Those facts are correct that I know of, and I don't think anyone disagrees with the assessment that the fix for the MET issue is very likely to be a simple one. The concern is regarding the series of actions taken by the guidance software subsequent to the failure.
Anyone who has written software long enough (on my 25th year myself, yegods) knows how likely it is to fix a bug and then find a different vector to the same issue, or similar issues expressed differently. The guidance software seems rather fragile in how it handled the error condition, which is not what you want in an autonomous system trusted with human lives...
I hope and expect there will be a thorough review to all systems that might be affected similarly before a re flight (which, regardless of what anyone here thinks, will be crewed).
I wasn't trying to make a statement, just clarify the facts
-
#362
by
ulm_atms
on 25 Dec, 2019 22:28
-
With all the comparison of other things/missions...I am having the hardest time accepting no do-over for CST for one very simple issue.

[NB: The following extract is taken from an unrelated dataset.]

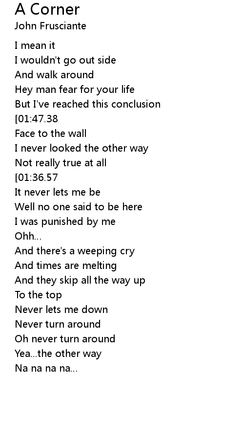 | [00:33.38][01:47.38] | Everyone's in a corner |
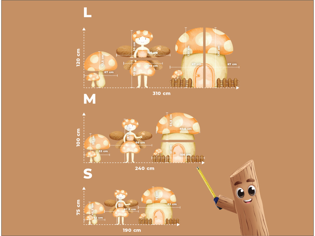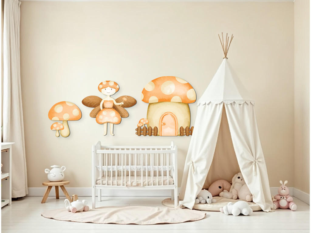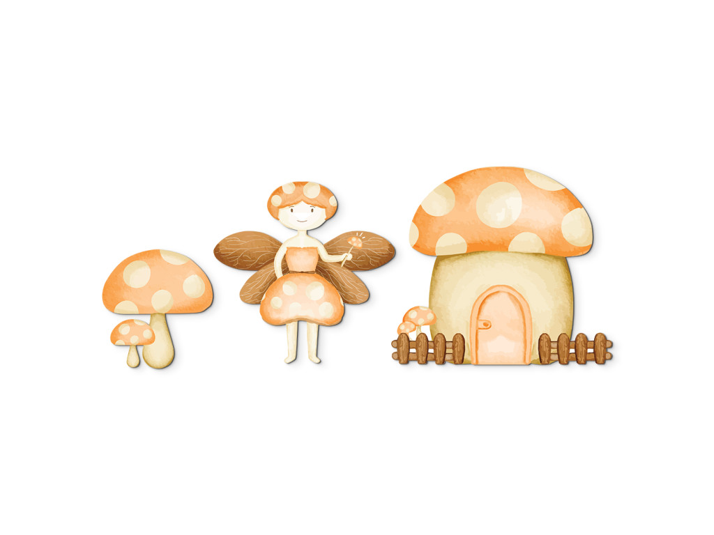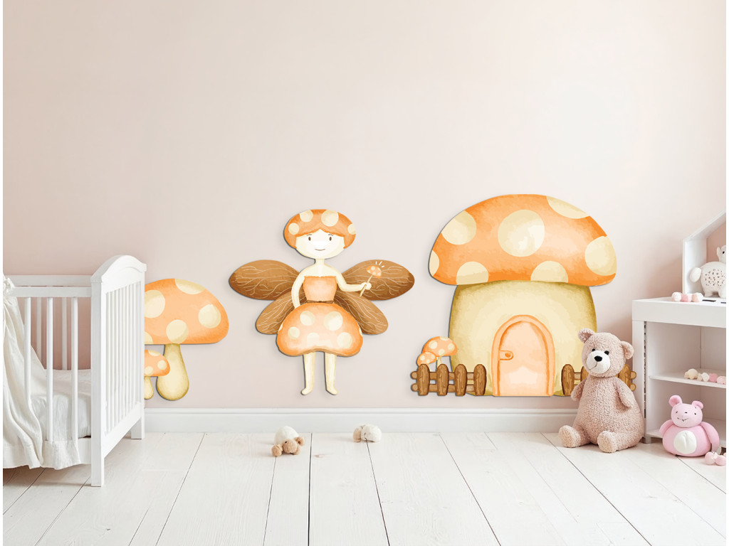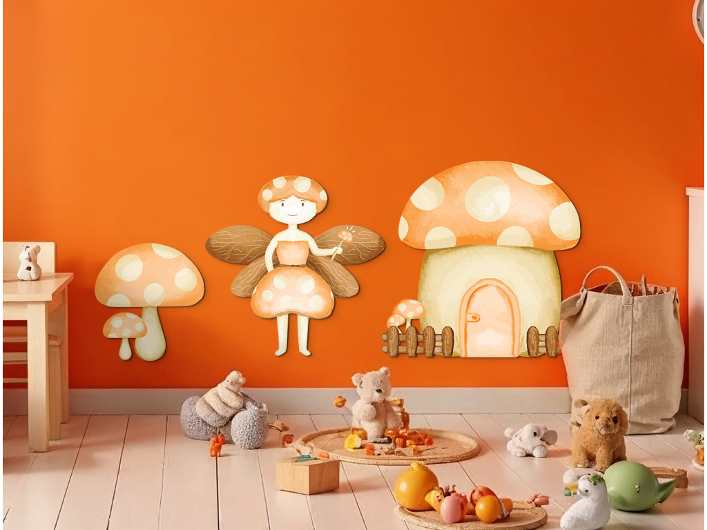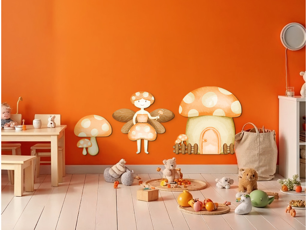 Egy aranyos tündér áll rajzfilmszerű gombák között, mintha erdei királyságát őrizné. Az élénk színek és a meseszerű motívum vidám és játékos hangulatot teremt, tökéletesek egy gyerekszoba feldobására.

Their craft requires a accurate MET since it seems to be a digital cam timer. So with the system requiring a accurate MET....they have no checking from any other source and basically pull it from Atlas and hope for the best with no way to even verify if what they pulled from Atlas is correct.
For all things being equal, that statement above makes me question the thought processes by the engineers for it's entire design. This vital piece has no verification/checking.....

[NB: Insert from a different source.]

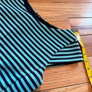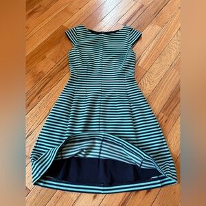 Lilly Pulitzer women’s fit and flare textured Brielle dress, size small. Navy blue/turquoise striped. EUC. No rips, holes, stains or odors. Please see photos for item details/dimensions. Some photos may appear different in color due to lighting. Ships from smoke-free home.
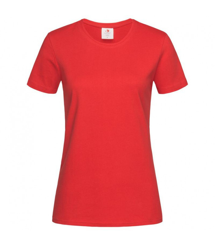 t-shirt con girocollo da donna, 100% cotone filato ad anelli, jersey semplice (gyh: 85% cotone / 15% viscosa). nastro di rinforzo, cuciture laterali, lavabile a 40°c. 185 g/m².

Side Bar: I have also been told I don't "imagine" hard enough when trying to find some way something can go wrong so I will try and help with that here

So they fix the wrong field being pulled. They still have absolutely no way to verify that it is correct however. Read correct field. Bit flip. Take two on what the hell is going on by the ground guys.....
Edit: typo
-
#363
by
saliva_sweet
on 26 Dec, 2019 00:18
-
Their craft requires a accurate MET since it seems to be a digital cam timer. So with the system requiring a accurate MET....they have no checking from any other source and basically pull it from Atlas and hope for the best with no way to even verify if what they pulled from Atlas is correct.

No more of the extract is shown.